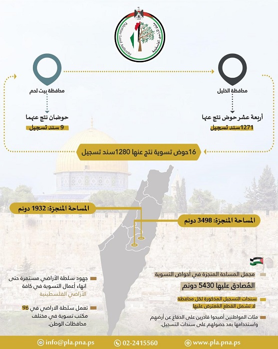وأكدت عياد أن سلطة الأراضي تواصل تنفيذ الخطة الوطنية للتسوية بكوادرها الفنية والقانونية، وبالتنسيق مع الجهات ذات العلاقة.
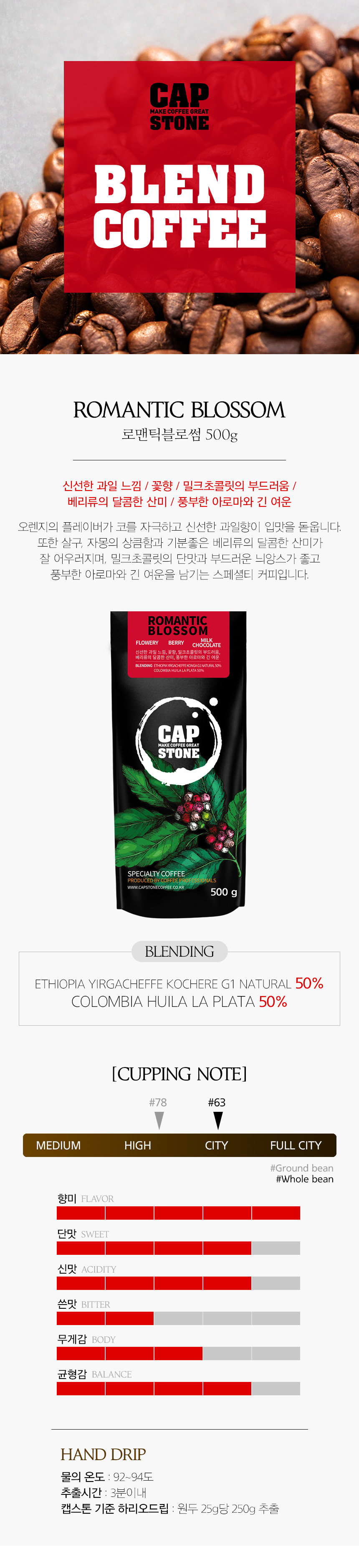 | 포장단위별 내용물의 용량(중량),수량 | 스페셜티 원두커피 로맨틱블로섬 블랜드 500g |
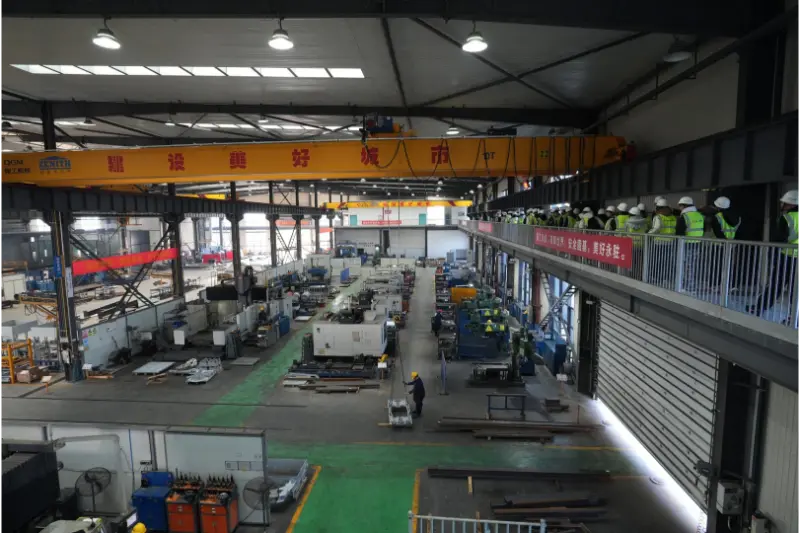 Następnie nauczyciele i uczniowie odwiedzili warsztat obróbki skrawaniem, wkraczając na linię frontu inteligentnej produkcji. W warsztacie z dużą prędkością pracowały centra obróbcze CNC i zautomatyzowane linie montażowe, zrobotyzowane ramiona precyzyjnie wykonujące różne operacje, a cyfrowy system produkcyjny wyświetlał w czasie rzeczywistym dane dotyczące postępu produkcji i monitorowania jakości, demonstrując synergiczny efekt „zielonej fabryki” i „inteligentnego warsztatu”. Eksperci techniczni firmy przeprowadzili nauczycieli i uczniów przez cały proces, od przetwarzania surowców po montaż sprzętu, koncentrując się na wyjaśnieniu zastosowania kluczowych technologii, takich jak wzajemne połączenie sprzętu CNC i precyzyjne wykrywanie stanu produkcji. Studenci aktywnie współpracowali z ekspertami technicznymi, omawiając takie kwestie, jak optymalizacja przetwarzania i techniki konserwacji sprzętu, tworząc w miejscu pracy dobrą atmosferę do nauki.
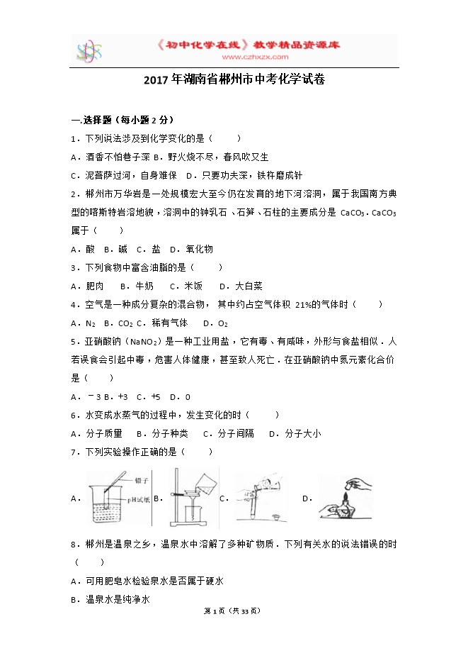2017年湖南省郴州市中考化学试卷(word解析版)
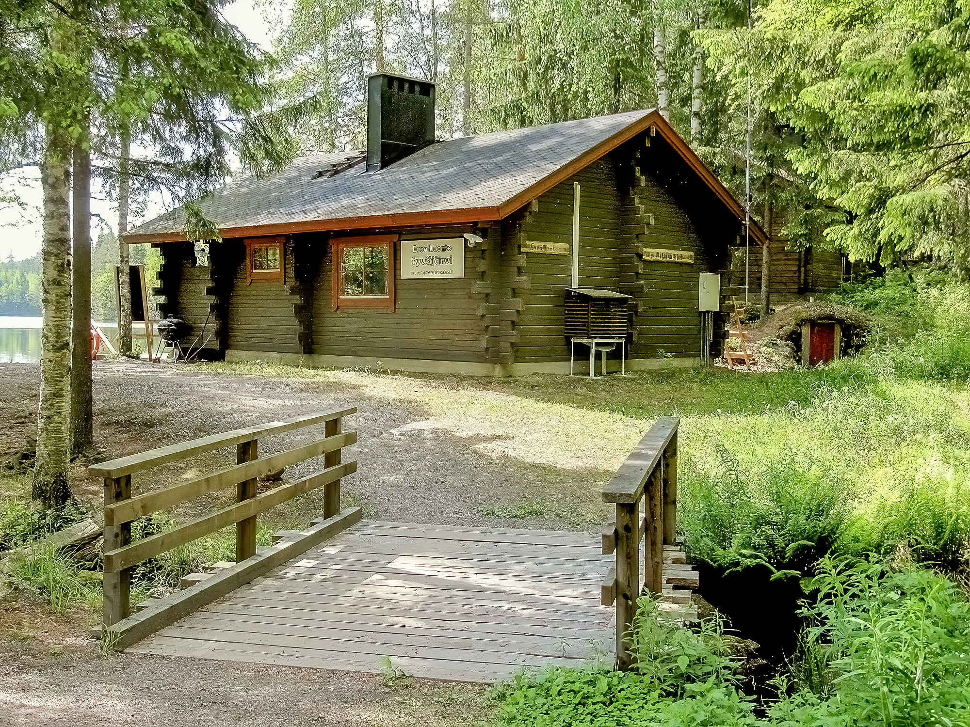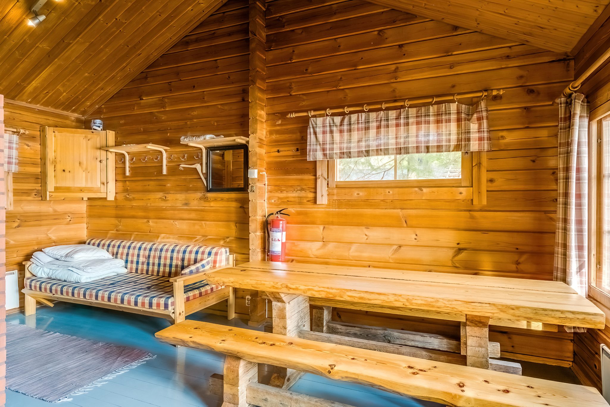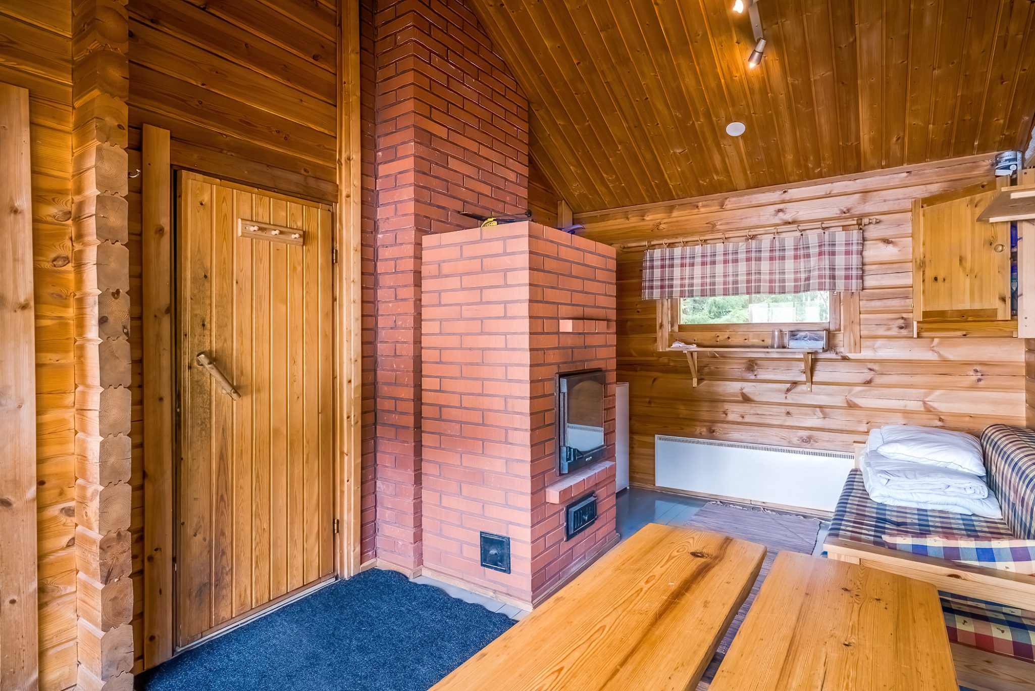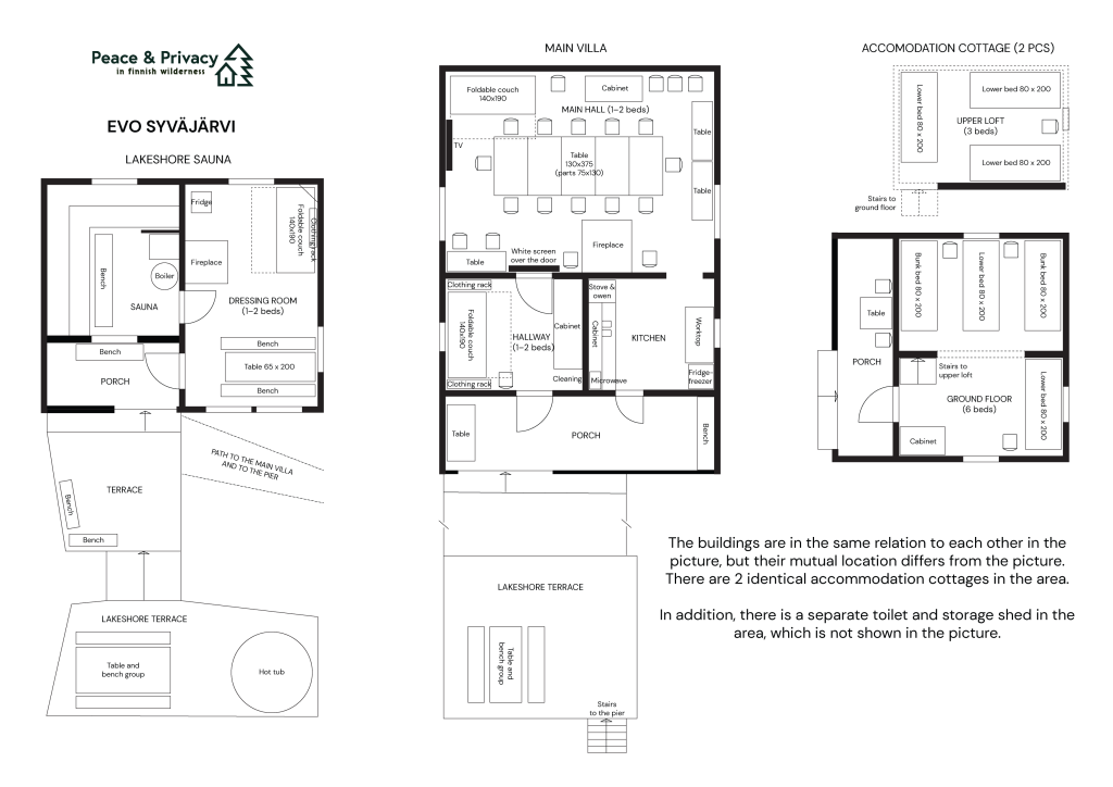 SAUNA AND TOILETS: The wood-heated lakeside sauna can accommodate up to 10 guests on its benches. Cold running well water is available from the tap, and you can heat the washing water using the wood-heated stove’s water heater. Two dry toilets are located in a separate building between the main building and the accommodation buildings.
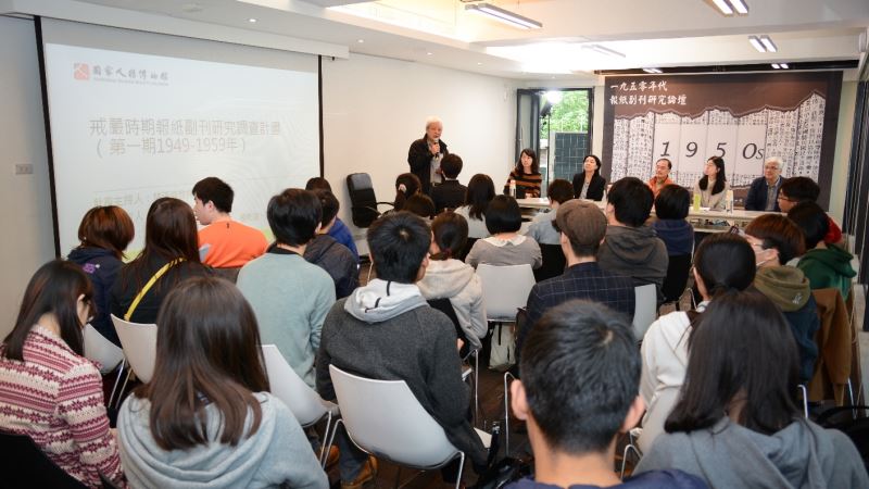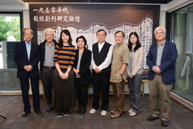 臺灣大學助理教授張俐璇首先針對「一九五○年代報紙副刊研究案」的調查成果進行報告,將報紙副刊分作四大類:「改制自日治時期《臺灣新報》的《臺灣新生報》與《中華日報》」、「二二八事件之後創刊的《自立晚報》與《公論報》」、「黨報《中央日報》與軍報《青年戰士報》」,以及「威權侍從的民營報業《徵信新聞》與《聯合報》」,搭配現場成果海報展示的副刊圖文與相關歷史資料,介紹五○年代八大報中呈現的時代氛圍。除了常載有呼應政府文藝政策的宣傳文論,在《自立晚報》副刊上亦有難得可見的異議言論。
■ ■ ■ ■
» THE TASK:
If a line falls between the first line of the records above and the line containing "2017年湖南省郴州市中考化学试卷(word解析版)", inclusive, retype it exactly; leave pictures out.

» ANSWER TO THE EXERCISE:
وأكدت عياد أن سلطة الأراضي تواصل تنفيذ الخطة الوطنية للتسوية بكوادرها الفنية والقانونية، وبالتنسيق مع الجهات ذات العلاقة.
 | 포장단위별 내용물의 용량(중량),수량 | 스페셜티 원두커피 로맨틱블로섬 블랜드 500g |
 Następnie nauczyciele i uczniowie odwiedzili warsztat obróbki skrawaniem, wkraczając na linię frontu inteligentnej produkcji. W warsztacie z dużą prędkością pracowały centra obróbcze CNC i zautomatyzowane linie montażowe, zrobotyzowane ramiona precyzyjnie wykonujące różne operacje, a cyfrowy system produkcyjny wyświetlał w czasie rzeczywistym dane dotyczące postępu produkcji i monitorowania jakości, demonstrując synergiczny efekt „zielonej fabryki” i „inteligentnego warsztatu”. Eksperci techniczni firmy przeprowadzili nauczycieli i uczniów przez cały proces, od przetwarzania surowców po montaż sprzętu, koncentrując się na wyjaśnieniu zastosowania kluczowych technologii, takich jak wzajemne połączenie sprzętu CNC i precyzyjne wykrywanie stanu produkcji. Studenci aktywnie współpracowali z ekspertami technicznymi, omawiając takie kwestie, jak optymalizacja przetwarzania i techniki konserwacji sprzętu, tworząc w miejscu pracy dobrą atmosferę do nauki.
2017年湖南省郴州市中考化学试卷(word解析版)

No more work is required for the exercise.